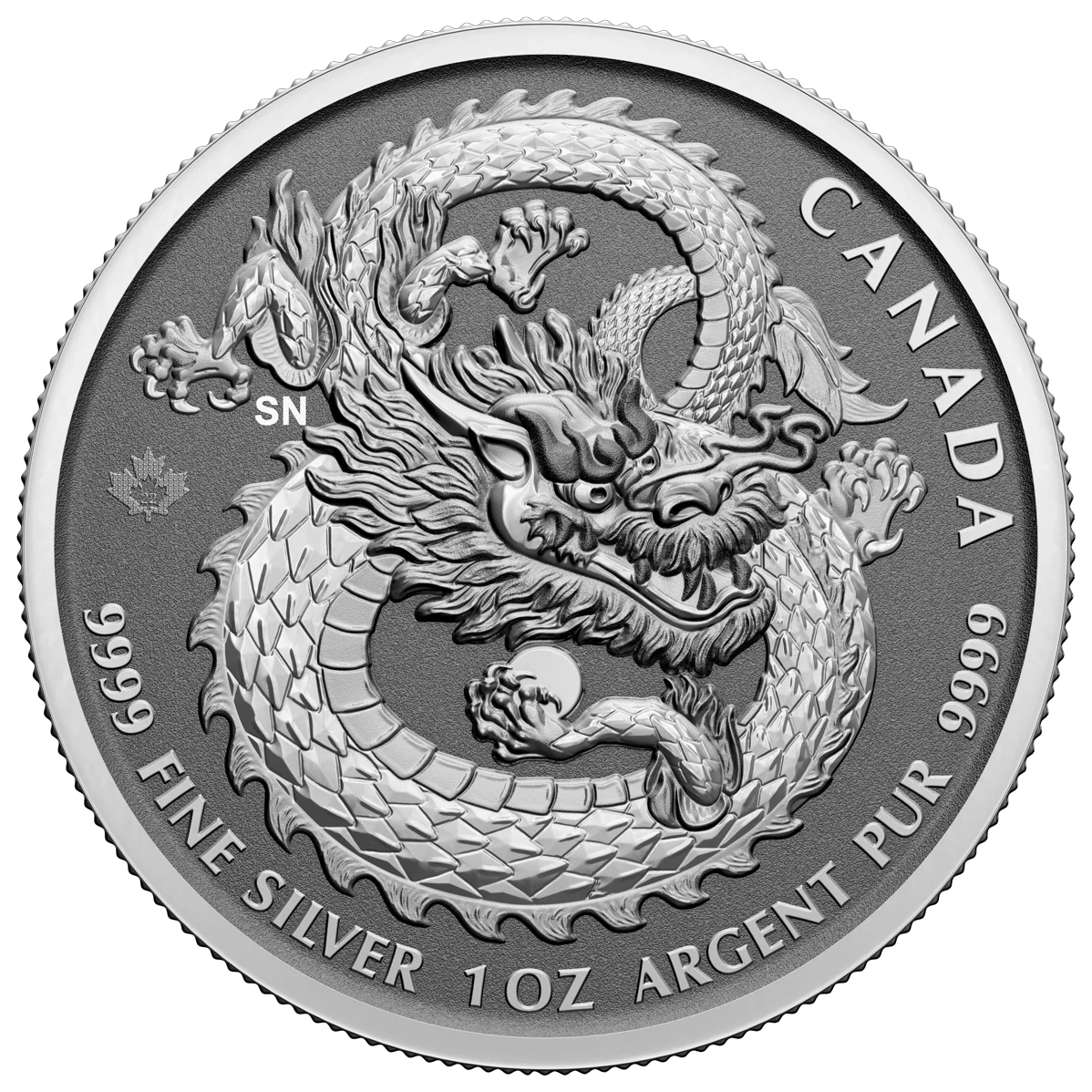 The 2018 Canadian Lucky Dragon silver coin features a dragon coiled into an eight, clutching a pearl. Simon Ng's initials (SN) are in the nape near the left foot.
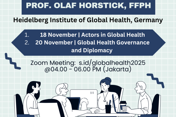 PURWOKERTO – Program Studi Magister Kesehatan Masyarakat (Kesmas) Fakultas Ilmu-Ilmu Kesehatan (FIKes) Universitas Jenderal Soedirman (UNSOED) sukses menggelar sesi pertama kegiatan Visiting Professor bersama pakar kesehatan global dari Jerman, Prof. Olaf Horstick, FFPH. Profesor dari Heidelberg Institute of Global Health, Germany ini hadir secara daring pada hari Senin, 18 November 2025, membahas topik krusial: “Actors … Lanjutkan membaca Memperluas Wawasan Kesehatan Global, S2 Kesehatan Masyarakat Fikes Unsoed Selenggarakan Kuliah Visiting Professor bersama Prof. Olaf Horstick dari Heidelberg Institute of Global Health
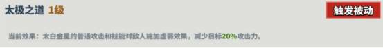 描述:太白金星的普通攻击和技能对敌人施加虚弱效果,减少目标20%攻击力。
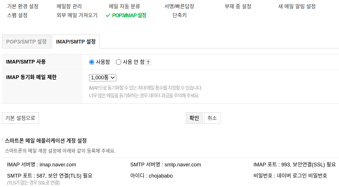 상단의 'POP3/IMAP' 설정 선택 -> IMAP/SMTP 설정 탭 이동 -> IMAP/SMTP 사용을 '사용함'체크 후 확인
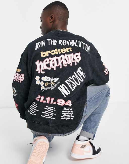 Topman oversized revolution grunge sweatshirt in washed black
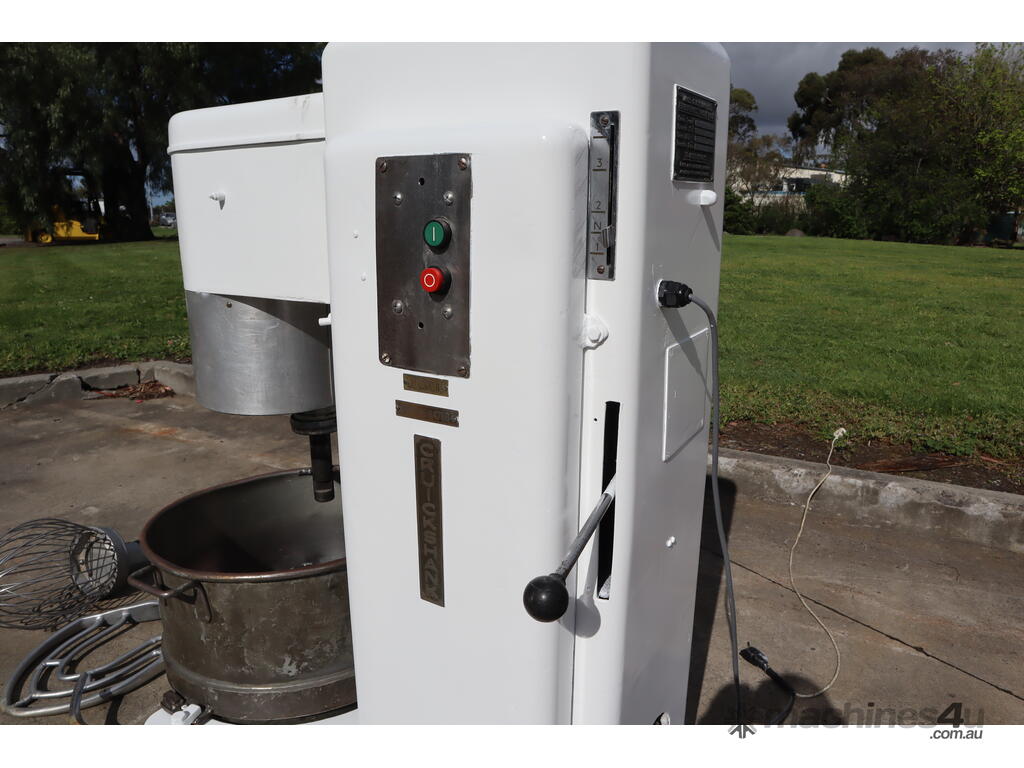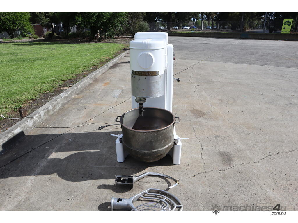 "This James Cruickshank Ltd Consul planetary mixer may be ideal for industrial kitchens, bakeries, or catering businesses requiring reliable and consistent mixing of dough, batter, or other food ingredients. It may serve industries including food preparation, baking, and hospitality. The mixer may benefit businesses by increasing efficiency in preparing large batches of food products, and it functions by rotating attachments inside the mixing bowl, which knead, whisk, or mix ingredients thoroughly."
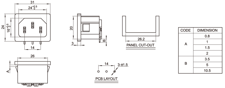型 號:DB-14-4P-55: 關健詞:品字尾插座、品字尾電源插座、品字插座、AC電源插座、器具插座 用 途:小家電品字電源;主機機箱插座;電瓶車電源插座;電器插座 尺 寸:31*24 電流電壓:10A 250V

▸ Brief
Copy exactly, without pictures, the lines above from the one with "PURWOKERTO – Program" down to the one with "상단의 'POP3/IMAP' 설정", inclusive.

▸ Solution for this task
 PURWOKERTO – Program Studi Magister Kesehatan Masyarakat (Kesmas) Fakultas Ilmu-Ilmu Kesehatan (FIKes) Universitas Jenderal Soedirman (UNSOED) sukses menggelar sesi pertama kegiatan Visiting Professor bersama pakar kesehatan global dari Jerman, Prof. Olaf Horstick, FFPH. Profesor dari Heidelberg Institute of Global Health, Germany ini hadir secara daring pada hari Senin, 18 November 2025, membahas topik krusial: “Actors … Lanjutkan membaca Memperluas Wawasan Kesehatan Global, S2 Kesehatan Masyarakat Fikes Unsoed Selenggarakan Kuliah Visiting Professor bersama Prof. Olaf Horstick dari Heidelberg Institute of Global Health
 描述:太白金星的普通攻击和技能对敌人施加虚弱效果,减少目标20%攻击力。
 상단의 'POP3/IMAP' 설정 선택 -> IMAP/SMTP 설정 탭 이동 -> IMAP/SMTP 사용을 '사용함'체크 후 확인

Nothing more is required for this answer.